71

—Encierra a un hombre cualquiera en una jaula, dice el Pequeño.

Dale una manta, un almohadón de pluma, un espejo y una fotografía de aquellos que ama. Encuentra una forma de alimentarlo y después olvídalo durante varios años. Bajo esas condiciones, el resultado será, en la mayoría de los casos, un hombre acobardado, reducido a la culpa, adaptado a la forma de una jaula.

Excepcionalmente, continúa diciendo, el sujeto elegido morirá devorado por la atrofia de sus órganos fundamentales, enloquecerá mirándose al espejo o sufrirá una dolencia terminal a la que, de cualquier manera, estaba condenado.

Por otra parte, en aquellos sujetos con querencia por la rebeldía, incapaces de ignorar la llamada de su espíritu crítico, el cautiverio prolongado es imposible: encierra al insurrecto en una jaula durante varios años y escapará de ella, se suicidará con cuidado detalle valiéndose de los objetos a su disposición o morirá al despiezar su cuerpo para pasarlo a través de los barrotes. El auténtico problema, sin embargo, es la naturaleza fértil de estos insumisos, instalada en lo íntimo de la conciencia humana: cuando uno muere, dos ocupan su lugar.

Asumido lo anterior, imagina jaulas colgadas de los techos de todos los cafés, las librerías, las iglesias, los hospitales y, sobre todo, las escuelas, y que al menos una de ellas pertenece a un subversivo, a un sujeto inconforme, rebelado. Imagina los discursos que esos cuerpos torcidos, cóncavos, parirán azuzados por la muchedumbre con mala conciencia que circunde su altar; qué perversos actos públicos de lucidez descolgarán durante su reinado.
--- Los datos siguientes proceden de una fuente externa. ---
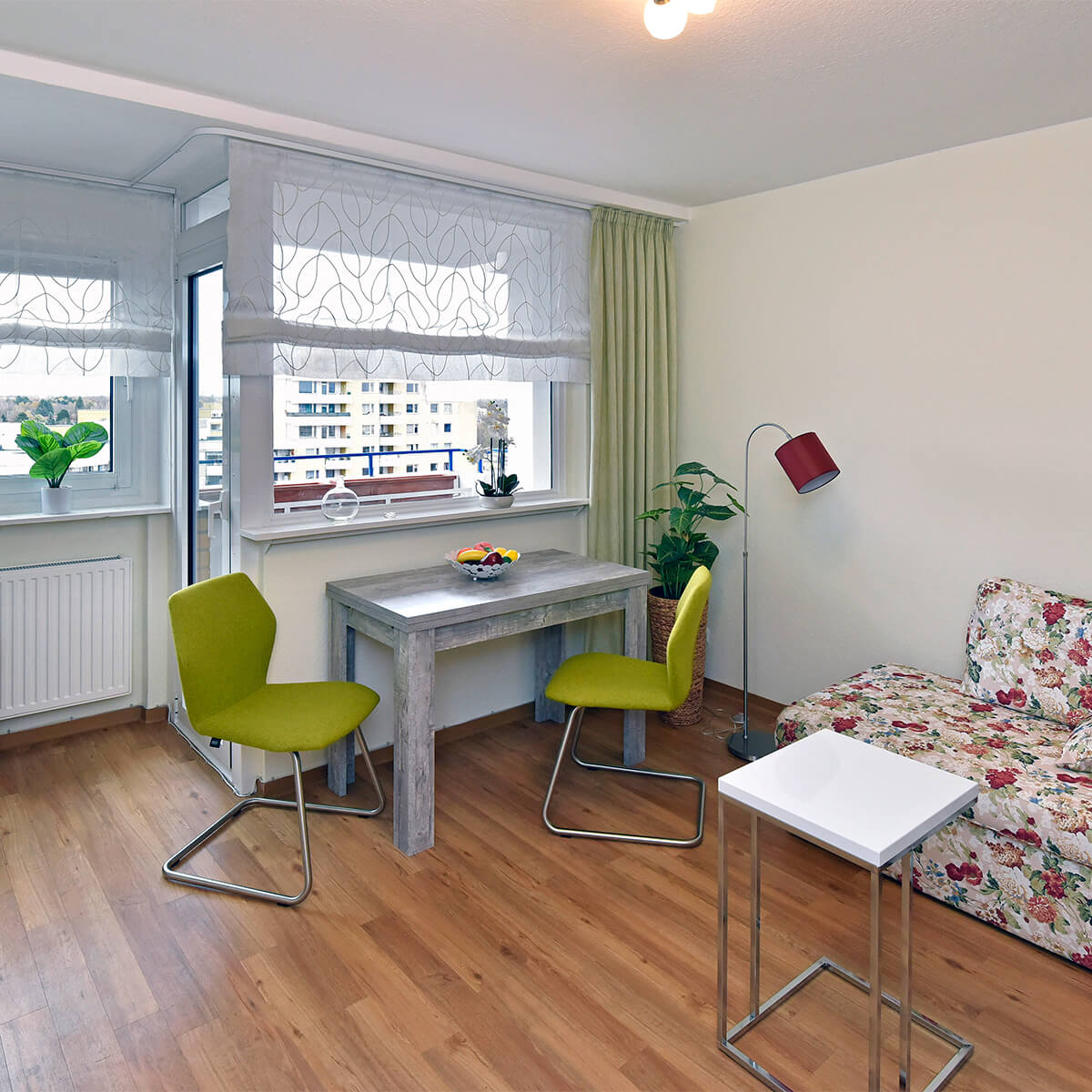 Aufgrund dessen existieren, abhängig vom Apartmenttyp, längere Wartezeiten. Bei 1-Zimmer-Apartments sollten Sie mit einem bis anderthalb Jahren rechnen, bei 2-Zimmer-Apartments beträgt die Wartezeit mindestens drei Jahre. Wenn diese Wartezeiten mit Ihrer persönlichen Planung im Einklang stehen, können wir Sie in unsere unverbindliche Vormerkliste aufnehmen.

Imagina qué será del súbdito de un hospital, atestiguando enfermedades y difuntos, sostenido y hermoso como una máquina azul de bombear memoria. Imagina al reo de una iglesia, casi ciego, obligado a un silencio lúgubre de plegarias y cultos. ¡Imagina a un hombre sabio como una flor mustia recogido en la perfecta posición del enjaulado, echando a volar todos los inviernos con la primera ráfaga de viento que viene del oeste!

Imagina…

Imagina que puedo construir la llave de las celdas. Que esperamos años, muchos años, y que después, cuando el mundo se acostumbre definitivamente a esconder a los hombres detrás de los barrotes de una jaula, cuando la tradición y la desidia impongan que todos los perdidos, los forzados, los encerrados, se conviertan en el producto de un sistema social de almacenaje colectivo, una generación de animales domésticos, una raza de muebles y de momias, entonces, solo entonces, los liberamos.

Y que sean como el fuego, el verano invencible de todos los inviernos.

—El mundo sería nuestro, termina, hermano.